- **Problem to solve**:
An exact copy of every line from the one holding "pour lancer l'exportation." to the end of the entries below is required; leave the pictures out.

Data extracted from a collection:
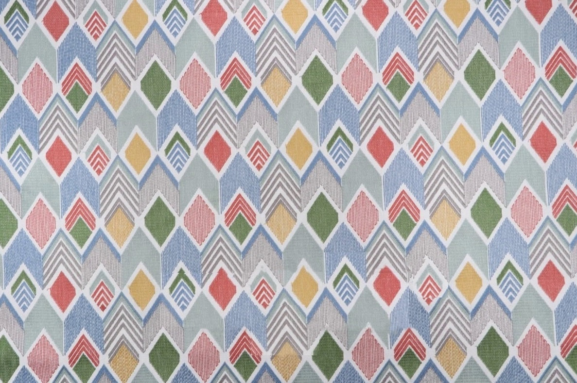 DESCRIPTION: P/Kaufmann Happy Vibes Embroidered Fabric in Carnival features a vibrant, colorful geometric composition with Amerindian inspiration, showcasing a dynamic interplay of shapes like diamonds and chevron-like patterns. The embroidery creates a sense of movement and energy through carefully considered tones, contrasts, and highlights. The color palette features the colors of white, gray, yellow, mint, green and salmon.
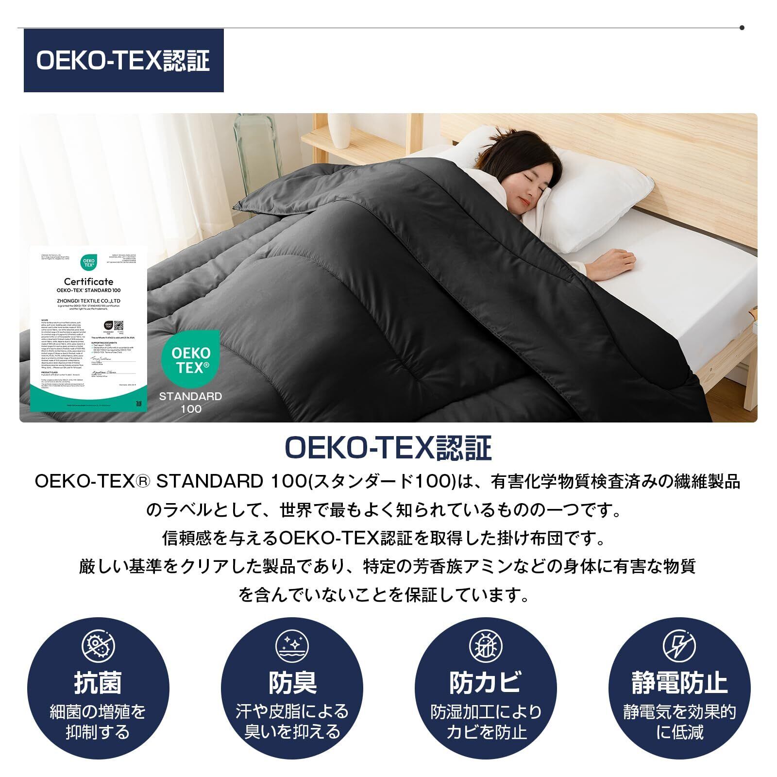 Matdeco 掛け布団 合掛け布団 ダブル 掛けふとん 柔らかな肌触り 春秋向き 吸水速乾 かけ布団 洗える ピーチスキン加工 ふわふわ ほこりが出にくい オールシーズン 抗菌 防臭 防ダニ 身体にやさしくフィット 軽量 通気 中綿約1.2kg (190×210cm ブラック)
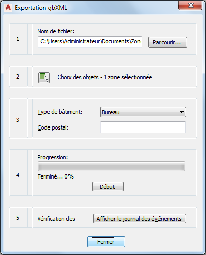 • Progression : cliquez sur Démarrer pour lancer l'exportation.
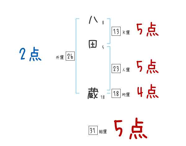 外運![]() | 八田蔵さんの外運は26画の2つ星!波瀾万丈かも。信頼できる人を大事にしましょう。 生活面を象徴する運勢です。外部から受ける影響力を表し、結婚運、家庭運や職場、環境への順応性を表します。 |
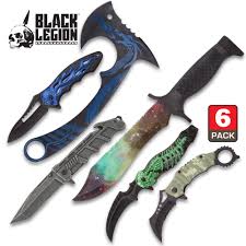 - Included in this fantasy knife set are a dragon-themed axe, a cosmic bowie knife, and a Digitech camo folding karambit

- **Task output**:
 • Progression : cliquez sur Démarrer pour lancer l'exportation.
 外運![]() | 八田蔵さんの外運は26画の2つ星!波瀾万丈かも。信頼できる人を大事にしましょう。 生活面を象徴する運勢です。外部から受ける影響力を表し、結婚運、家庭運や職場、環境への順応性を表します。 |
 - Included in this fantasy knife set are a dragon-themed axe, a cosmic bowie knife, and a Digitech camo folding karambit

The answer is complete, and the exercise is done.